Na chegada à estação, Kris fica sabendo que Dr. Gibarian (Sos Sargsyan), um amigo, se matou. Os dois pilotos, entre os quais Dr. Snaut (Jüri Järvet) e Dr. Sartorius (Anatoli Solonitsyn), que ficaram não estão muito interessados em conversar. O surpreendente é que aparece para ele a esposa já falecida, Hari (Natalya Bondarchuk), por um motivo-chave. Ela pode explicar por que o planeta influencia tanto as ondas cerebrais dos passageiros da nave. A imagem da esposa seria apenas resultado de sua imaginação? Os diálogos entre eles simbolizam um resquício do que poderia ter sido o casamento? Por meio de Solaris, o psicólogo estaria tentando superar traumas e possíveis sentimentos de culpa?

É a atuação de Natalya Bondarchuk o melhor elemento do filme, aquele que torna as tentativas de Tarkovsky no sentido filosófico em plausíveis. A sua figura traz, além do componente feminino para este universo focado predominantemente masculino, a sensibilidade e a lembrança de um amor vigoroso, quando ainda existia. Kris é um personagem inseguro diante dos acontecimentos e, de algum modo, Hari o conduz para a segurança de que o espaço sideral pode libertar seus sentimentos em relação ao que viveu e ainda não filtrou suficientemente.
Claro que tudo é um grande motivo para Tarkovsky expor uma narração sobre a filosofia do tempo e do amor (ainda que Nolan em Interestelar seja mais emotivo). Vejamos a sala onde acontecem as reuniões, onde aparecem pinturas, como “Os caçadores na neve” (1565), de Pieter Bruegel, o Velho: é como se Solaris e a nave representassem sempre uma extensão da verdadeira natureza humana, e as lembranças de Kelvin dialogam com essa imagem: a da criança no gelo, sobretudo. Os candelabros contrastam com o corredor tecnológico; o fogo da espaçonave contrasta com a fogueira que Kelvin usa para apagar objetos de seu passado; as pinturas são como sonhos imóveis (e a cena em que Kelvin e Hari gravitam pela sala é impecavelmente bem construída). Vencedor do Grande Prêmio do Júri do Festival de Cannes, não é um filme, particularmente, que se compare a 2001, contudo possui uma ressonância psicológica envolvente.

Como em O espelho e Nostalgia, Tarkovsky filma tudo de maneira bastante lenta, vendo mais os detalhes teatrais do que qualquer empuxe de aventura.
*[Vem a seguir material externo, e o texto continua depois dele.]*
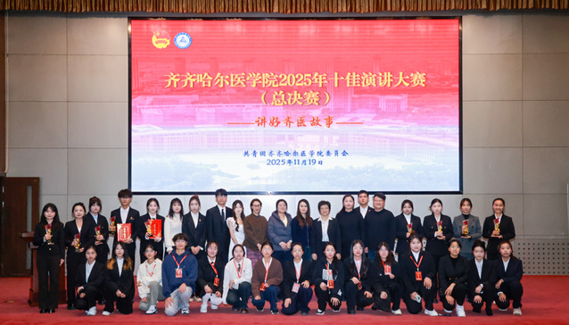 11月19日,齐齐哈尔医学院2025年度校园十佳演讲大赛决赛如期举行。本届大赛以“讲好齐医故事”为核心主题,不仅是一场语言艺术的竞技,更是一次对齐医精神谱系的深度挖掘与时代诠释,旨在纪念抗日战争暨世界反法西斯战争胜利80周年,并为即将到来的建校80周年献上青春的礼赞。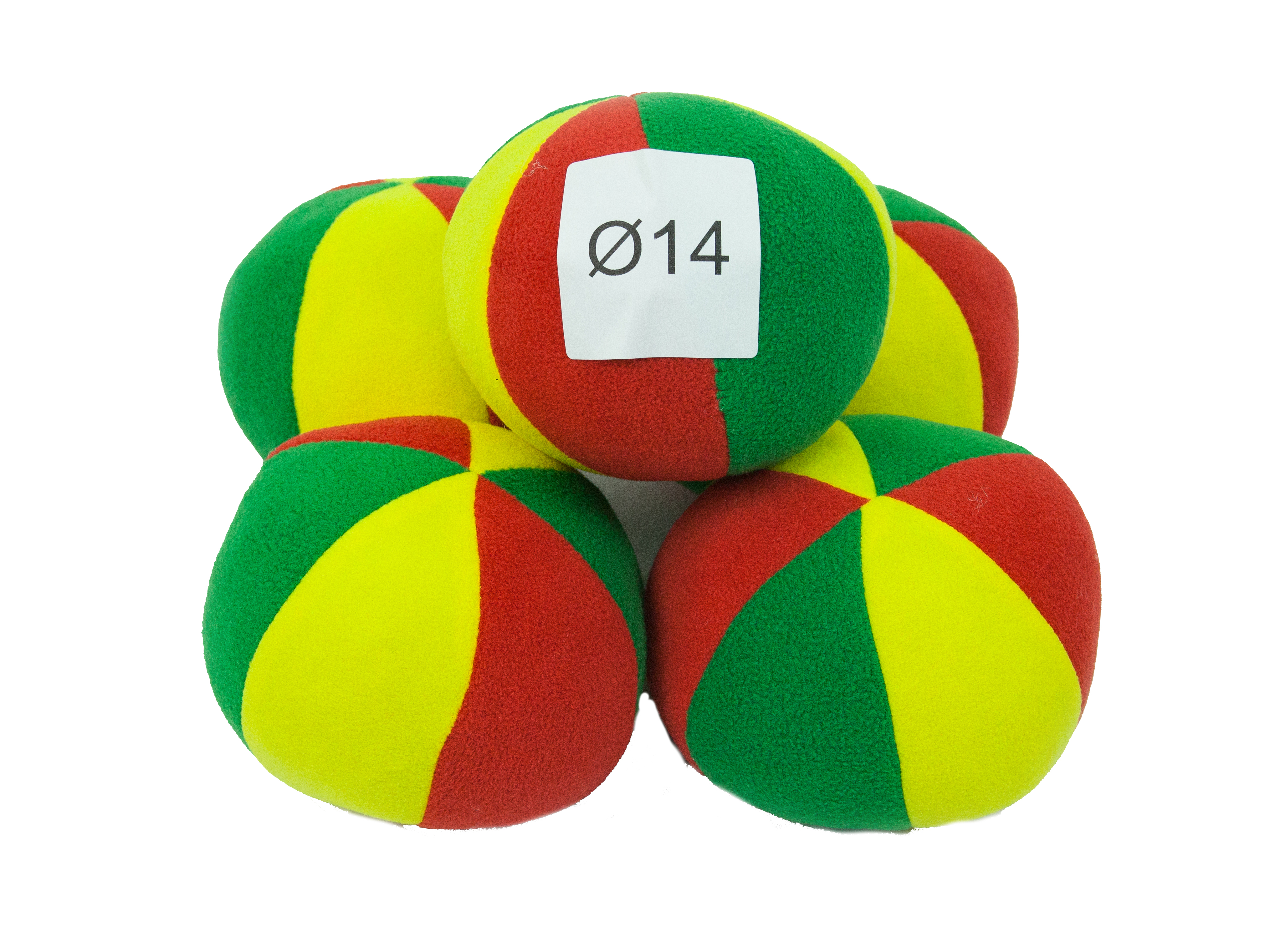 Комплектация:  6 деталей сшитых между собой (3цвета -  красный, желтый, зеленый). Наполнен мячик синтепухом.

Ele tem elementos que antecipam também a sensação apocalíptica que percorre o belo O sacrifício, em que uma árvore simbolizava a ligação dos tempos e a passagem dele por meio dos personagens. Em Solaris, testemunhamos a relação entre um casal e do filho com seu pai que resiste à viagem ao espaço e ao tempo linear. Tarkovsky adota uma interessante concepção de que a vida existe, antes de tudo, na memória das pessoas e que Solaris, o planeta, se encarregaria de despertá-la em forma de realidade, mesmo que já não exista. O final dessa ficção científica, a partir de tudo isso, particularmente, é um dos mais belos e significativos do cinema. O cineasta russo parece emparelhar a beleza plástica de 2001 com uma vigorosa alternativa de que somos todos conduzidos a um espaço que nos lembra da casa mais íntima: não se está tratando simplesmente da faceta subjetiva de cada um e sim de sua ligação incontornável com o outro, que nos lança para frente, sempre em busca de uma explicação. Solaris tem isso em seus melhores momentos: aqueles em que a humanidade se mostra cada vez mais humana.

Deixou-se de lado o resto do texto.